## AIM OF THE TASK
The whole listing should be retyped word for word, apart from the pictures it holds.

## INFORMATION PROVIDED

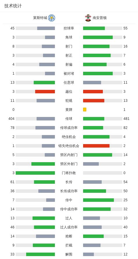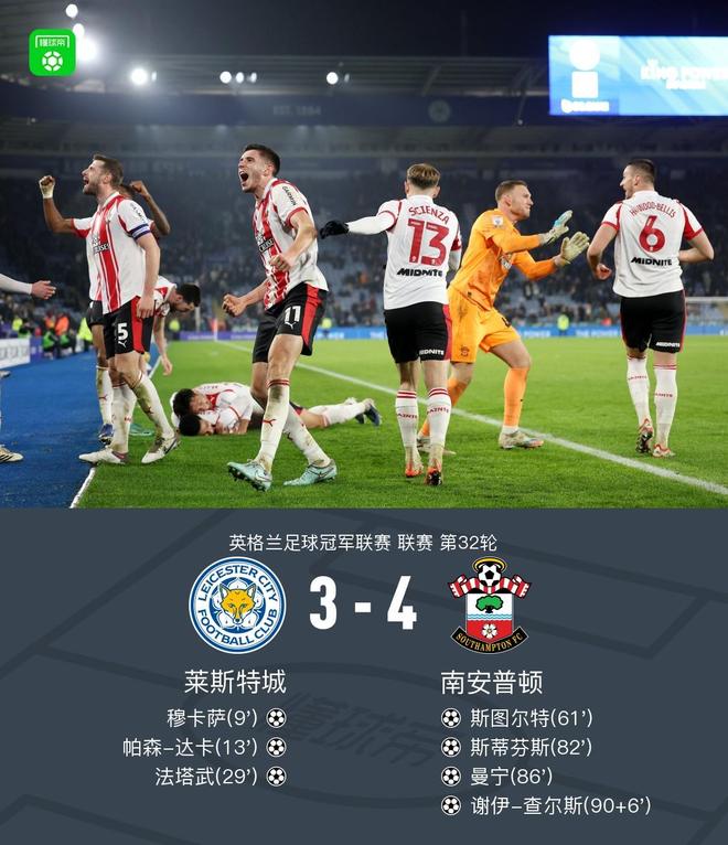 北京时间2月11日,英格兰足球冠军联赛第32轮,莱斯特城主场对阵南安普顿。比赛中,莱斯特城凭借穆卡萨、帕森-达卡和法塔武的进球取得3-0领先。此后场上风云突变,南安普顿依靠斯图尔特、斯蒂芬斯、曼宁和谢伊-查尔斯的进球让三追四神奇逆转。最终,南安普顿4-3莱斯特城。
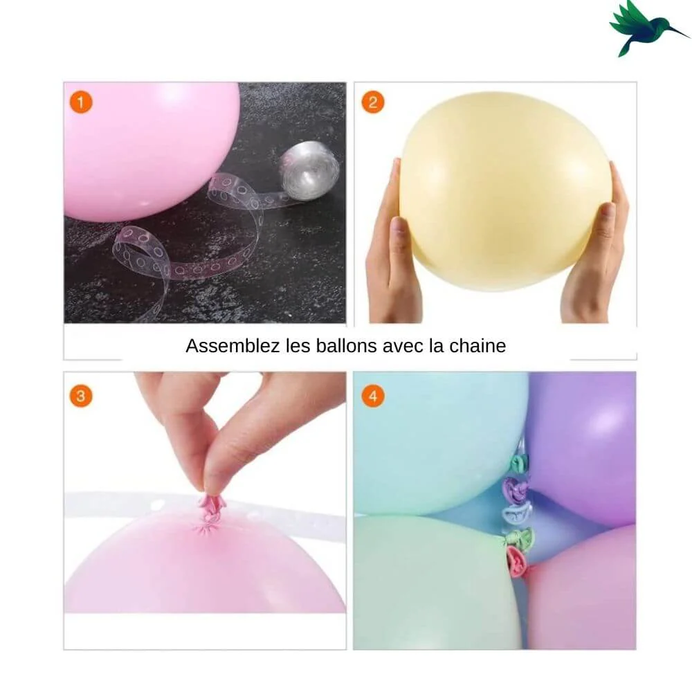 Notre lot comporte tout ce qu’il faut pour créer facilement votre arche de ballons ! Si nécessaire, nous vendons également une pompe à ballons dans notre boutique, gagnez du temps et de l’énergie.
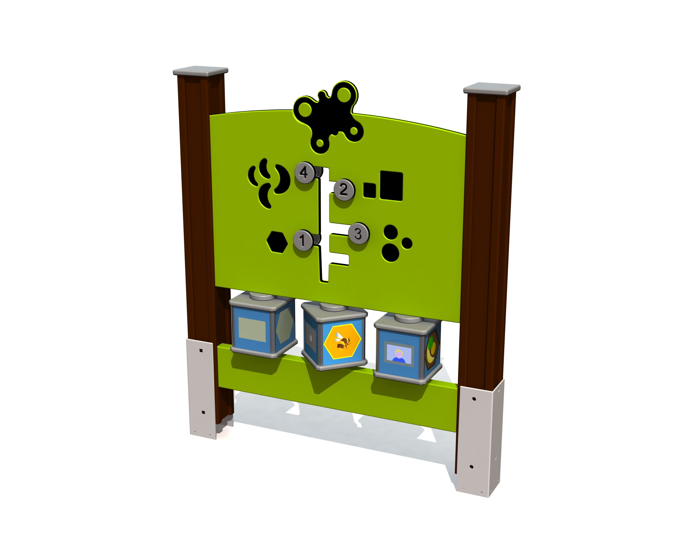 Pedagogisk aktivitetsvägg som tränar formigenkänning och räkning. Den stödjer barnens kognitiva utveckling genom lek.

## RESPONSE BELOW
 北京时间2月11日,英格兰足球冠军联赛第32轮,莱斯特城主场对阵南安普顿。比赛中,莱斯特城凭借穆卡萨、帕森-达卡和法塔武的进球取得3-0领先。此后场上风云突变,南安普顿依靠斯图尔特、斯蒂芬斯、曼宁和谢伊-查尔斯的进球让三追四神奇逆转。最终,南安普顿4-3莱斯特城。
 Notre lot comporte tout ce qu’il faut pour créer facilement votre arche de ballons ! Si nécessaire, nous vendons également une pompe à ballons dans notre boutique, gagnez du temps et de l’énergie.
 Pedagogisk aktivitetsvägg som tränar formigenkänning och räkning. Den stödjer barnens kognitiva utveckling genom lek.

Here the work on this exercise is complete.